De este modo, cuando los neutrófilos liberan más NETs, la circulación en los pequeños vasos se ve comprometida y el daño cerebral es mayor, según ha detallado la investigadora del CNIC Sandra Vázquez-Reyes, actualmente en el Hospital General de Massachusetts, afiliado a la Facultad de Medicina de Harvard (Estados Unidos).

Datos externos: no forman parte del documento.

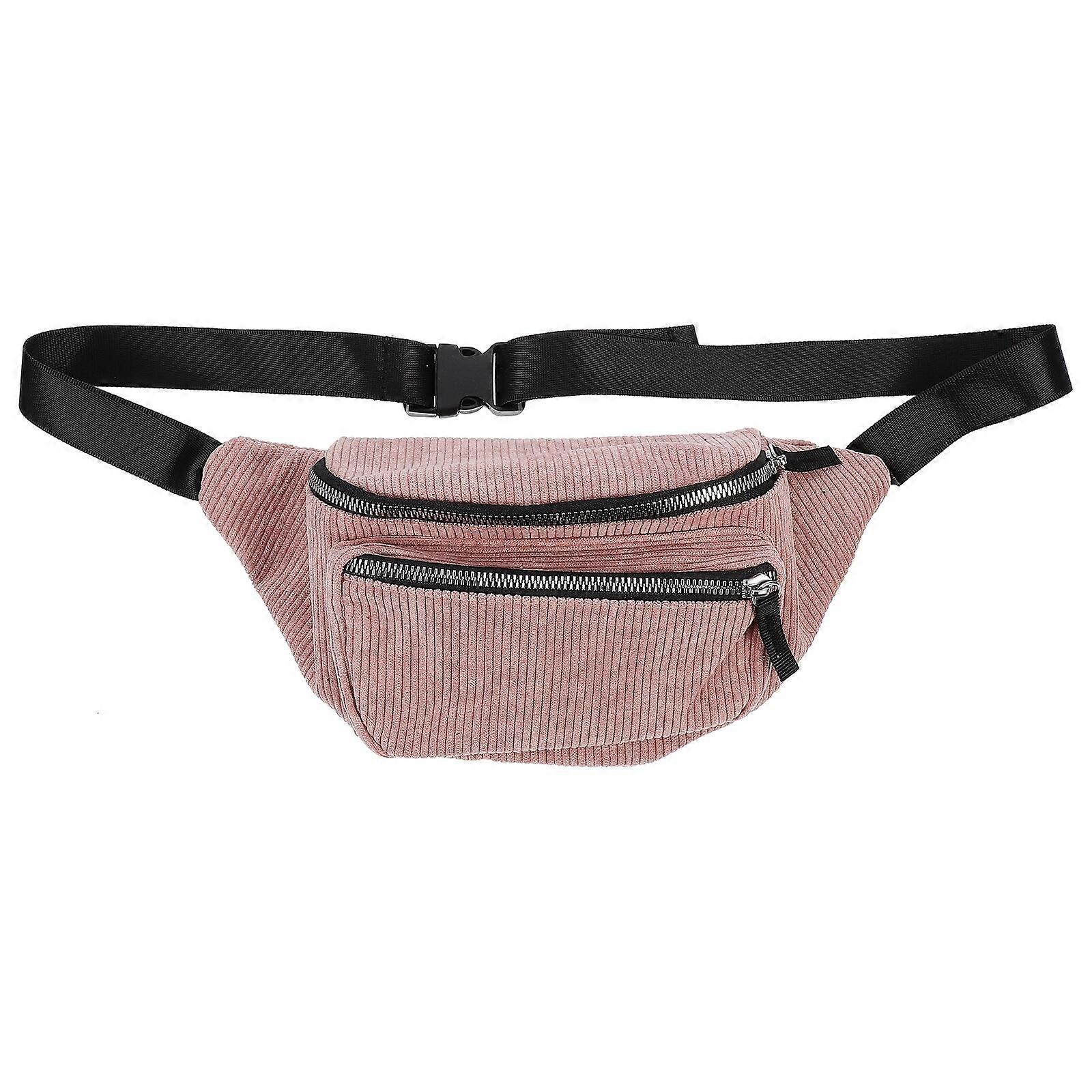 Pink Portable Waist Bag Fashion Stylish Chest Bag Corduroy Pack Lady Crossbody Pouch for Girl Woman

Por el contrario, en otras fases del ciclo circadiano, los neutrófilos muestran un comportamiento menos dañino, lo que permite una mejor perfusión y limita la progresión del ictus. "Esto ayuda a entender por qué pacientes con características clínicas similares pueden evolucionar de forma muy distinta", ha resaltado la investigadora de la Universidad Complutense de Madrid Alicia García-Culebras.

El estudio introduce el concepto de inflamación vascular regulada por el reloj circadiano y confirma que estos mecanismos también están presentes en pacientes con ictus. "Los marcadores inflamatorios y de actividad de neutrófilos en sangre siguen ritmos diarios y se asocian tanto con la gravedad del ictus como con la calidad de la circulación colateral", han señalado el investigador del Instituto de Investigación Sanitaria del Hospital 12 de Octubre (i+12) y de la Facultad de Medicina de la UCM Ignacio Lizasoain, y la neuróloga de la Unidad de Ictus del Servicio de Neurología del mismo hospital Patricia Calleja.

Los autores han concluido que tener en cuenta el momento del día y la regulación circadiana del sistema inmune podría mejorar la eficacia de futuras terapias, abriendo la puerta a estrategias de cronoterapia más precisas. Además, la utilización de biomarcadores sanguíneos específicos relacionados con la inmunotrombosis podría permitir una medicina personalizada basada tanto en las características del paciente como en el momento biológico en que se produce el ictus.